### Task statement
The line with "Přes naše území" marks the start; please set it down along with all later lines through the end of the material, exactly, leaving out pictures.

### Available data
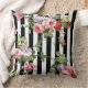 Classic Watercolor Floral Black Stripe Throw Pillow
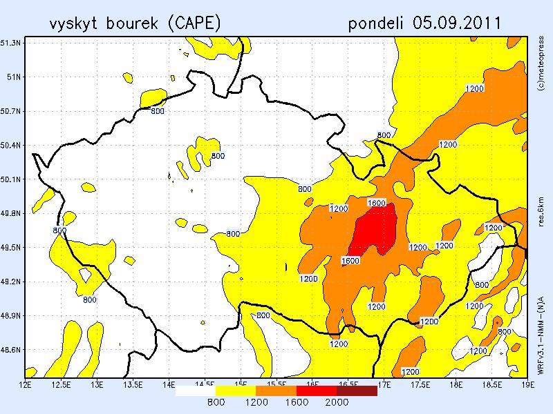 Přes naše území dnes přechází studená fronta. Na Moravě a ve Slezsku však ještě v dopoledních hodinách bylo polojasno a teploty dnes stačí vystoupit až ke 30 st. Během odpoledních a večerních hodin se pravě ve východní polovině území mohou místy vyskytovat i bouřky, ojediněle silné, doprovázené přívalovými srážakmi a zesílením větru. První bouřky se už krátce po poledni zformovaly na česko-rakouském pomezí. Srážková a bouřková činnost bude během odpoledne sílit. Aktuální vývoj srážkové/bouřkové činnosti můžete sledovat na http://radar.meteopress.cz/.
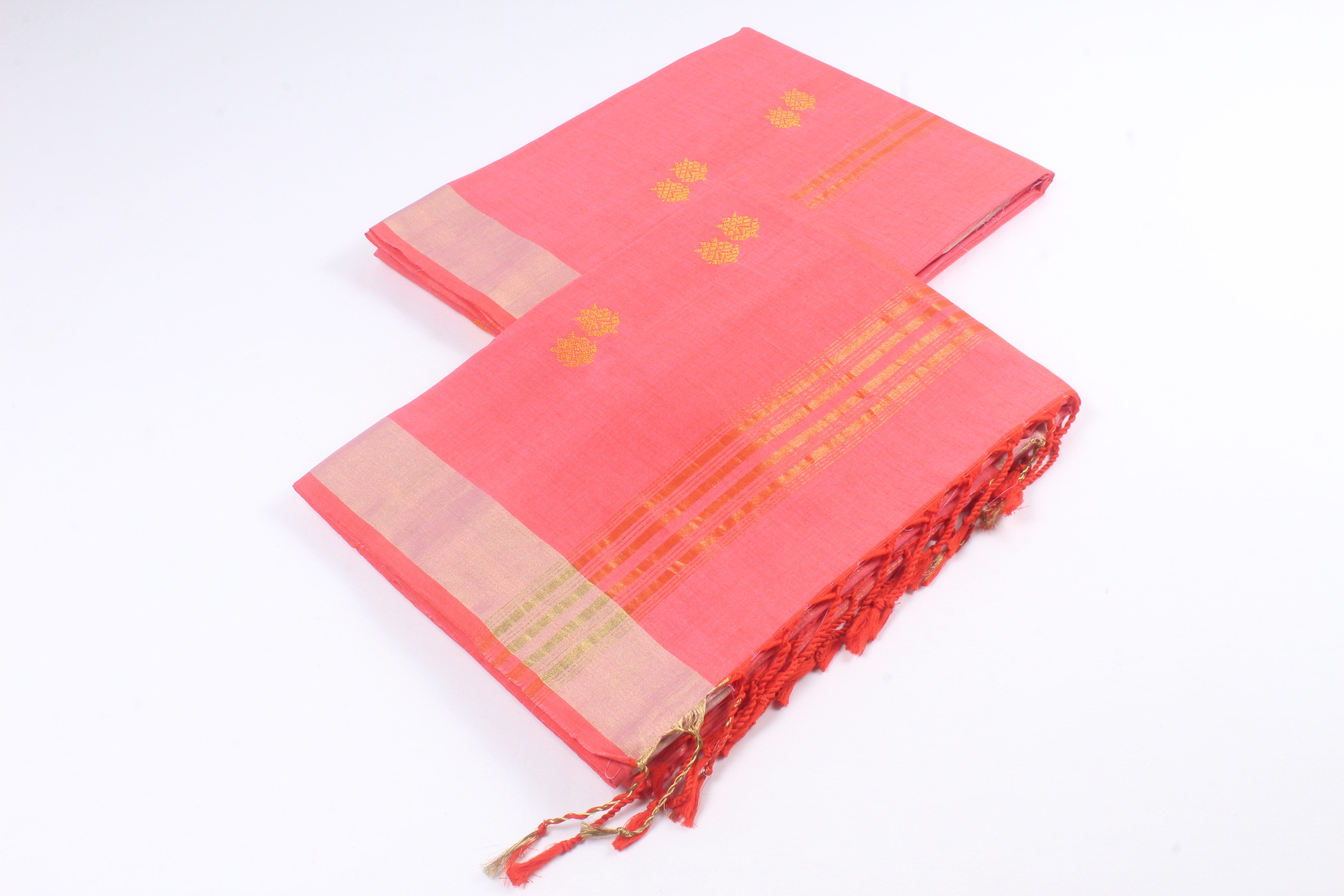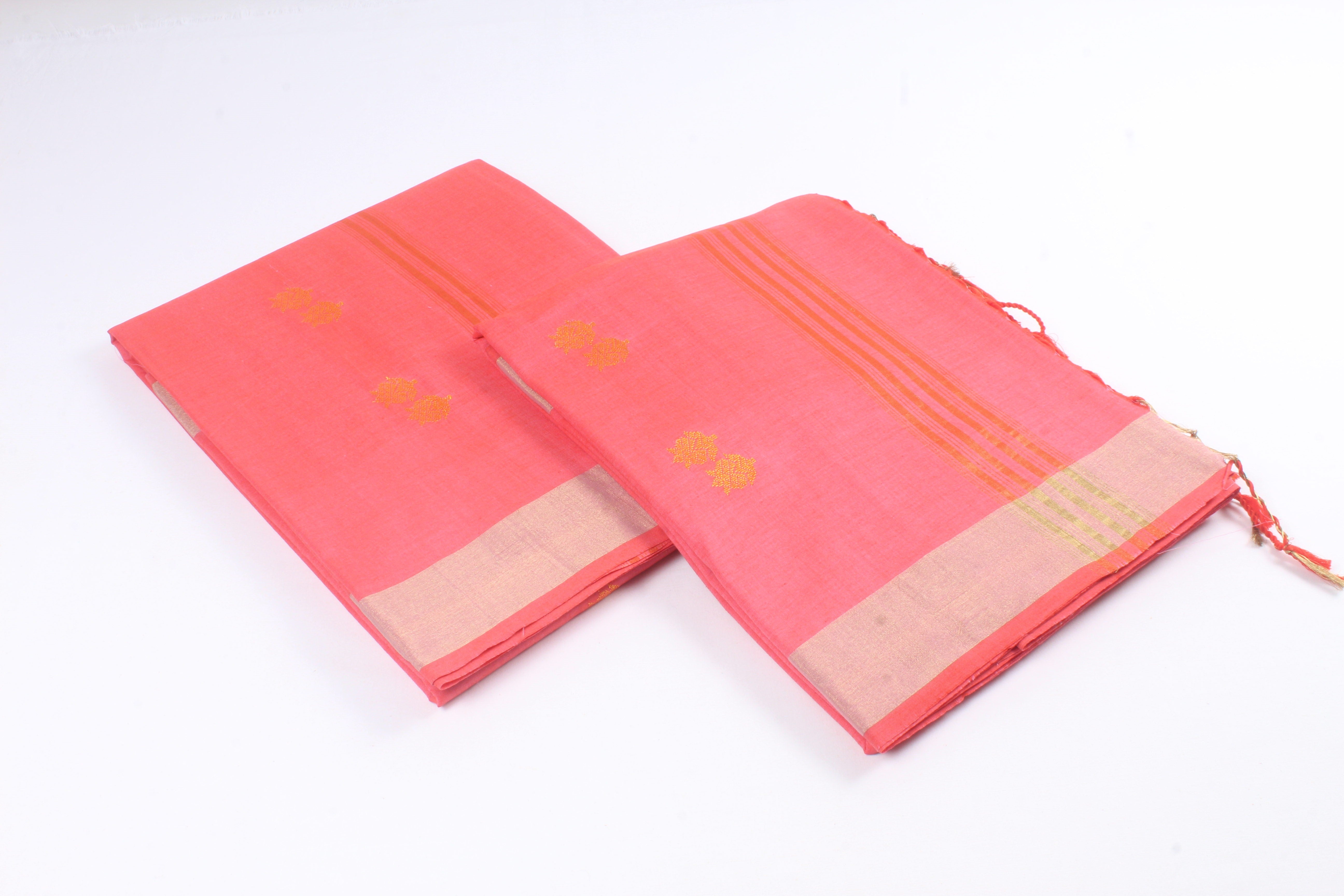 Traditional Handloom Joda Set in Coral with Butis and Goldan Zari Border

### Answer to the problem
 Přes naše území dnes přechází studená fronta. Na Moravě a ve Slezsku však ještě v dopoledních hodinách bylo polojasno a teploty dnes stačí vystoupit až ke 30 st. Během odpoledních a večerních hodin se pravě ve východní polovině území mohou místy vyskytovat i bouřky, ojediněle silné, doprovázené přívalovými srážakmi a zesílením větru. První bouřky se už krátce po poledni zformovaly na česko-rakouském pomezí. Srážková a bouřková činnost bude během odpoledne sílit. Aktuální vývoj srážkové/bouřkové činnosti můžete sledovat na http://radar.meteopress.cz/.
 Traditional Handloom Joda Set in Coral with Butis and Goldan Zari Border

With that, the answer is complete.